Download Interaction-optimized Sound Database Representation
Interactive navigation within geometric, feature-based database representations allows expressive musical performances and installations. Once mapped to the feature space, the user’s position in a physical interaction setup (e.g. a multitouch tablet) can be used to select elements or trigger audio events. Hence physical displacements are directly connected to the evolution of sonic characteristics — a property we call analytic sound–control correspondence.
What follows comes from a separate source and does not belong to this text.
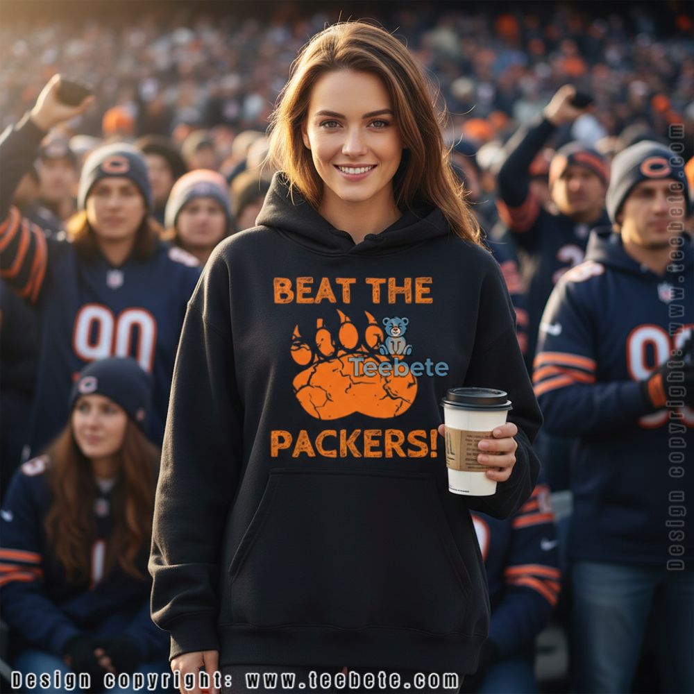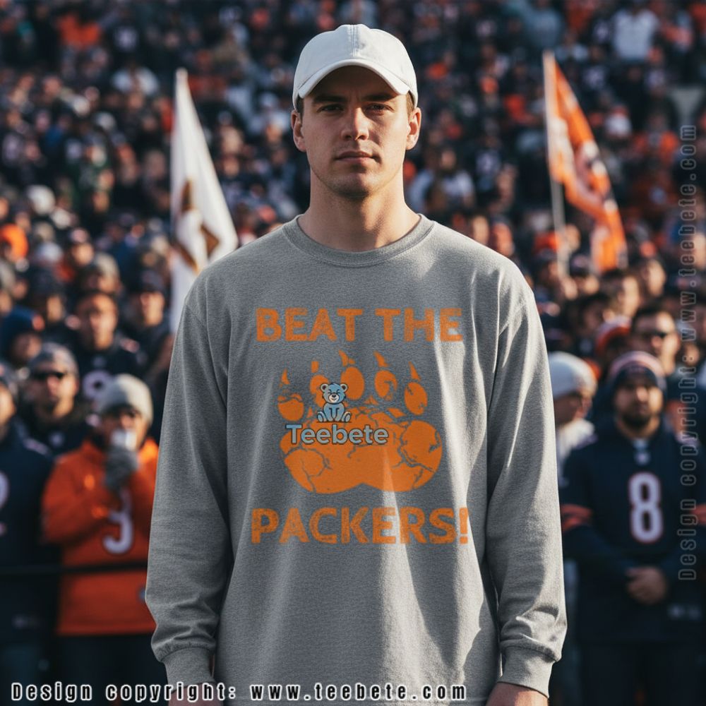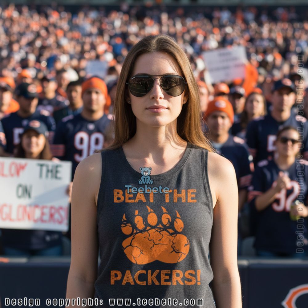 The Chicago Bears Beat The Packers Shirt showcases a dynamic visual arrangement that captures the spirit of rival football teams. It is designed as a classic T-shirt, presenting a striking combination of bold graphics and typography. The shirt boasts a compelling layout where the prominent team logos are positioned against a backdrop in the traditional navy and orange colors, layered with elements that evoke the excitement of game day. With a full-coverage print style, the design integrates spirited text that celebrates the rivalry, ensuring an eye-catching presentation.

However, automatically computed representations have a complex geometry which is unlikely to fit the interaction setup optimally. After a review of related work, we present a physical model-based algorithm that redistributes the representation within a user-defined region according to a user-defined density. The algorithm is designed to preserve the analytic sound-control correspondence property as much as possible, and uses a physical analogy between the triangulated database representation and a truss structure. After preliminary pre-uniformisation steps, internal repulsive forces help to spread points across the whole region until a target density is reached. We measure the algorithm performance relative to its ability to produce representations corresponding to user-specified features and to preserve analytic sound–control correspondence during a standard density-uniformisation task. Quantitative measures and visual evaluation outline the excellent performances of the algorithm, as well as the interest of the pre-uniformisation steps.
Download Concatenative Sound Texture Synthesis Methods and Evaluation
Concatenative synthesis is a practical approach to sound texture synthesis because of its nature in keeping realistic short-time signal characteristics. In this article, we investigate three concatenative synthesis methods for sound textures: concatenative synthesis with descriptor controls (CSDC), Montage synthesis (MS) and a new method called AudioTexture (AT). The respective algorithms are presented, focusing on the identification and selection of concatenation units. The evaluation demonstrates that the presented algorithms are of close performance in terms of quality and similarity compared to the reference original sounds.